** TASK **
Every entry must be transcribed without alteration.
[[ ENTRIES PROVIDED, beginning ]]
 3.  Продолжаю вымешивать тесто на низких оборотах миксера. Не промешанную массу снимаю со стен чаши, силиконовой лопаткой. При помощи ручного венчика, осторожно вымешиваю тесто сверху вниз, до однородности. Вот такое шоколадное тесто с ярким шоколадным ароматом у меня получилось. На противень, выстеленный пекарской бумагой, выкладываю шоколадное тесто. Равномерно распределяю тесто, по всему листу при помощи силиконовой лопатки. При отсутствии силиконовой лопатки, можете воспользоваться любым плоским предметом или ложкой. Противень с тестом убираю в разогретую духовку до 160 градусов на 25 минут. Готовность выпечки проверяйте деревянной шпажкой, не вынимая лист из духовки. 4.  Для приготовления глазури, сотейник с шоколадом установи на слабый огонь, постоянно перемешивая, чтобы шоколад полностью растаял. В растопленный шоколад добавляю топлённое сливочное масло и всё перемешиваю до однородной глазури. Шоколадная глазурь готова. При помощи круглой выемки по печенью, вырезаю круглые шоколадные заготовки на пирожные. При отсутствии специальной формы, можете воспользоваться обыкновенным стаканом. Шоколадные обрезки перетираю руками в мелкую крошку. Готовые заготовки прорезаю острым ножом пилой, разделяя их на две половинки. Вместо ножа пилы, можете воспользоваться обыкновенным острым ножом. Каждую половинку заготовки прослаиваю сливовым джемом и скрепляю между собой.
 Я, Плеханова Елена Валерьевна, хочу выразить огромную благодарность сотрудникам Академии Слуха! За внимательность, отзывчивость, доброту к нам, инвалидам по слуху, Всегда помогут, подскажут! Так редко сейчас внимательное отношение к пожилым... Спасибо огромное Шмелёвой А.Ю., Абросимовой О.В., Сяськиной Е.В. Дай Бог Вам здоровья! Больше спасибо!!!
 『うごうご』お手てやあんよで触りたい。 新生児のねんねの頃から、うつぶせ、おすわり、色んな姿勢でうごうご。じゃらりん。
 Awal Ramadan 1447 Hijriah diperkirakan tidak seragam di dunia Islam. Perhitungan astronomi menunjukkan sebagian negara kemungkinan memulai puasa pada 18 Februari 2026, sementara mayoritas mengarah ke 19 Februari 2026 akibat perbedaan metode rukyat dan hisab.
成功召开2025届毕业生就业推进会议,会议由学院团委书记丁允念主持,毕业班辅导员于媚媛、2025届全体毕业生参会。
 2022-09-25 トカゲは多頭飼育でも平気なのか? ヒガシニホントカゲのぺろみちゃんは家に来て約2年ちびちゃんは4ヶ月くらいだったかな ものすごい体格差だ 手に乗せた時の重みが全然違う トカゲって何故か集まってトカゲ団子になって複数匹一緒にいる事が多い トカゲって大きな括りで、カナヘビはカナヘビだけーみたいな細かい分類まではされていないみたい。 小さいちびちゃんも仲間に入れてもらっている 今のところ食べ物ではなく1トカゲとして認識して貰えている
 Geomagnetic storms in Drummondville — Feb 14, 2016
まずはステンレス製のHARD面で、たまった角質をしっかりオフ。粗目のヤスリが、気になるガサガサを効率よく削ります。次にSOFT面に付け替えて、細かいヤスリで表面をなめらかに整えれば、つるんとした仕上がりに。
[[ ENTRIES PROVIDED, end ]]
** TASK RESULT **
 3.  Продолжаю вымешивать тесто на низких оборотах миксера. Не промешанную массу снимаю со стен чаши, силиконовой лопаткой. При помощи ручного венчика, осторожно вымешиваю тесто сверху вниз, до однородности. Вот такое шоколадное тесто с ярким шоколадным ароматом у меня получилось. На противень, выстеленный пекарской бумагой, выкладываю шоколадное тесто. Равномерно распределяю тесто, по всему листу при помощи силиконовой лопатки. При отсутствии силиконовой лопатки, можете воспользоваться любым плоским предметом или ложкой. Противень с тестом убираю в разогретую духовку до 160 градусов на 25 минут. Готовность выпечки проверяйте деревянной шпажкой, не вынимая лист из духовки. 4.  Для приготовления глазури, сотейник с шоколадом установи на слабый огонь, постоянно перемешивая, чтобы шоколад полностью растаял. В растопленный шоколад добавляю топлённое сливочное масло и всё перемешиваю до однородной глазури. Шоколадная глазурь готова. При помощи круглой выемки по печенью, вырезаю круглые шоколадные заготовки на пирожные. При отсутствии специальной формы, можете воспользоваться обыкновенным стаканом. Шоколадные обрезки перетираю руками в мелкую крошку. Готовые заготовки прорезаю острым ножом пилой, разделяя их на две половинки. Вместо ножа пилы, можете воспользоваться обыкновенным острым ножом. Каждую половинку заготовки прослаиваю сливовым джемом и скрепляю между собой.
 Я, Плеханова Елена Валерьевна, хочу выразить огромную благодарность сотрудникам Академии Слуха! За внимательность, отзывчивость, доброту к нам, инвалидам по слуху, Всегда помогут, подскажут! Так редко сейчас внимательное отношение к пожилым... Спасибо огромное Шмелёвой А.Ю., Абросимовой О.В., Сяськиной Е.В. Дай Бог Вам здоровья! Больше спасибо!!!
 『うごうご』お手てやあんよで触りたい。 新生児のねんねの頃から、うつぶせ、おすわり、色んな姿勢でうごうご。じゃらりん。
 Awal Ramadan 1447 Hijriah diperkirakan tidak seragam di dunia Islam. Perhitungan astronomi menunjukkan sebagian negara kemungkinan memulai puasa pada 18 Februari 2026, sementara mayoritas mengarah ke 19 Februari 2026 akibat perbedaan metode rukyat dan hisab.
成功召开2025届毕业生就业推进会议,会议由学院团委书记丁允念主持,毕业班辅导员于媚媛、2025届全体毕业生参会。
 2022-09-25 トカゲは多頭飼育でも平気なのか? ヒガシニホントカゲのぺろみちゃんは家に来て約2年ちびちゃんは4ヶ月くらいだったかな ものすごい体格差だ 手に乗せた時の重みが全然違う トカゲって何故か集まってトカゲ団子になって複数匹一緒にいる事が多い トカゲって大きな括りで、カナヘビはカナヘビだけーみたいな細かい分類まではされていないみたい。 小さいちびちゃんも仲間に入れてもらっている 今のところ食べ物ではなく1トカゲとして認識して貰えている
 Geomagnetic storms in Drummondville — Feb 14, 2016
まずはステンレス製のHARD面で、たまった角質をしっかりオフ。粗目のヤスリが、気になるガサガサを効率よく削ります。次にSOFT面に付け替えて、細かいヤスリで表面をなめらかに整えれば、つるんとした仕上がりに。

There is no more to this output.